Iaccarino, Luca / Andreoli, Laura / Bocci, Elena Bartoloni / Bortoluzzi, Alessandra / Ceccarelli, Fulvia / Conti, Fabrizio / De Angelis, Rossella / De Marchi, Ginevra / De Vita, Salvatore / Di Matteo, Andrea / Emmi, Giacomo / Emmi, Lorenzo / Gatto, Mariele / Gerli, Roberto / Gerosa, Maria / Govoni, Marcello / Larosa, Maddalena / Meroni, Pier Luigi / Mosca, Marta / Pazzola, Giulia / Reggia, Rossella / Saccon, Francesca / Salvarani, Carlo / Tani, Chiara / Zen, Margherita / Frigo, Anna Chiara / Tincani, Angela / Doria, Andrea. ·Division of Rheumatology, Department of Medicine-DIMED, University of Padova, Padova, Italy. · Rheumatology and Clinical Immunology, Spedali Civili and University of Brescia, Brescia, Italy. · Rheumatology Unit, Department of Medicine, University of Perugia, Perugia, Italy. · Medical Sciences, UOC of Rheumatology, University Hospital S. Anna, Ferrara, Italy. · Rheumatology Unit, Department of Internal Medicine and Medical Specialties, Sapienza University of Rome, Rome, Italy. · Rheumatology Unit, Department of Clinical and Molecular Sciences, Polytechnic University of Marche, Ancona, Italy. · Clinic of Rheumatology, Department of Medical and Biological Sciences, University Hospital "Santa Maria della Misericordia", Udine, Italy. · Internal Interdisciplinary Medicine, Centre for Rare Cardiovascular and Immunological Diseases, Lupus Clinic, AOU Careggi, Florence, Italy. · Department of Surgery and Translational Medicine, University of Florence, Italy. · Rheumatology Department, University of Milan, Istituto Ortopedico Gaetano Pini, Milano, Italy. · Rheumatology Unit, University of Pisa, Pisa, Italy. · Rheumatology Unit, Internal Medicine Department, Arcispedale Santa Maria Nuova - IRCCS, Reggio Emilia, Italy. · Biostatistics, Epidemiology and Public Health Unit, Department of Cardiac, Thoracic and Vascular Sciences, University of Padova, Italy. · Division of Rheumatology, Department of Medicine-DIMED, University of Padova, Padova, Italy. Electronic address: adoria@unipd.it. ·J Autoimmun · Pubmed #28935492.

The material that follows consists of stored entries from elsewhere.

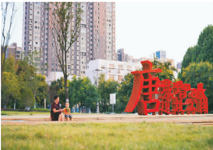
游客在西安市雁塔区唐城墙遗址公园游玩。

此次开放的A段区域为电子正街至电子西街段，总面积4.5万平方米。下一步，将按照公园建设总体规划和考古工作计划，及早启动电子正街到规划路段的公园开放，更好地惠及周边群众。
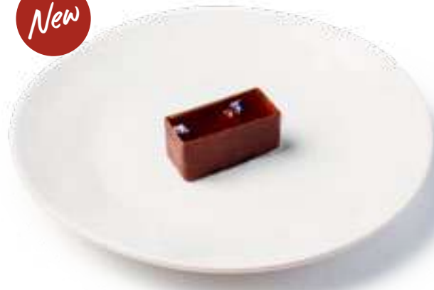
Конфета с мармеладом Candy with marmalade

С апельсиновый мармеладом, горьким шоколадом и васильком
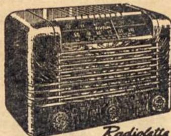
Radiolatte RCA Victor Modelo 51-X-1 Barzdžius ir Toscano, sav.

Av. Santa Fe 3870 — U. T. 72 2529 Radio aparatai, budėtojai, laikrodžiai, elektros reikmenų pardavimas. Pašaukus einame į namus taisyti radio aparatus, gazines ir elektros virtuves ir kitas mašinas.
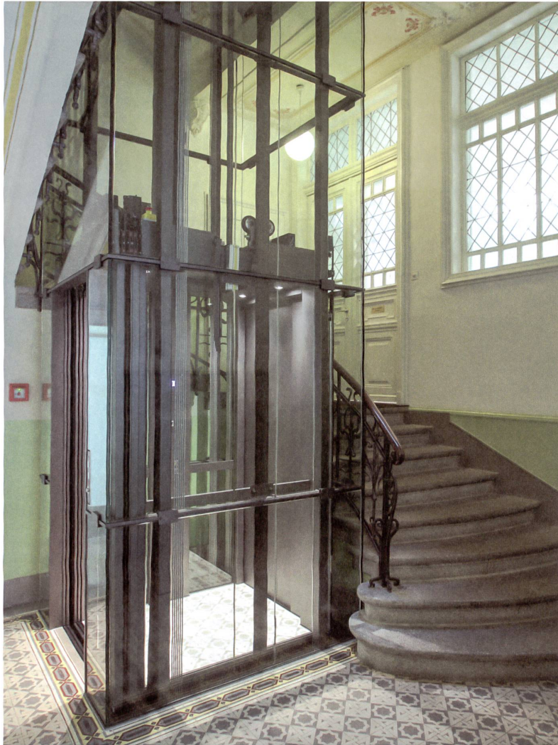
Präzis fügt sich der Lift ins historische Treppenauge.

Dem Himmel entgegen- sauen – das Loch in der Kabinendecke korrespondiert mit dem Oberlicht im Treppenhaus.

ABSTRACT: OBJECTIVE: To investigate efficacy, safety and survival of belimumab and to identify predictors of drug response and drug discontinuation in patients with active SLE in clinical practice. PATIENTS AND METHODS: Data of SLE patients, treated with belimumab, from 11 Italian prospective cohorts were analyzed. SLEDAI-2K, anti-dsDNA, C3, C4, prednisone daily dose, DAS-28, 24-h proteinuria, CLASIa (Cutaneous LE Disease Area and Severity Index Activity) were recorded at baseline and every 6 months. SLE Responder Index-4 (SRI-4) was calculated at 12 and 24 months. Demographic and clinical features and comorbidities were included in the univariate and multivariate analysis. Adverse events were recorded at each visit. Statistics was performed using the SPSS software. RESULTS: We studied 188 SLE patients, mean follow-up 17.5 ± 10.6 months. The most frequent manifestations, which required the use of belimumab, were polyarthritis (45.2%) and skin rashes (25.5%). SRI-4 was achieved by 77.0% and 68.7% of patients at 12 and 24-months. Independent predictors of 12-month response were SLEDAI-2K ≥ 10 (OR 40.46, p = 0.001) and polyarthritis (OR 12.64, p = 0.001) and of 24-month response were SLEDAI-2K ≥ 10 (OR 15.97, p = 0.008), polyarthritis (OR 32.36, p = 0.006), and prednisone ≥7.5 mg/day (OR 9.94, p = 0.026). We observed a low rate of severe adverse events. Fifty-eight patients (30.8%) discontinued belimumab after a mean follow-up of 10.4 ± 7.5 months. The drug survival was 86.9%, 76.9%, 69.4%, 67.1%, and 61.9% at 6, 12, 18, 24, and 30 months, respectively. No factors associated with drug discontinuation were found. CONCLUSION: Belimumab is effective and safe when used in clinical practice setting.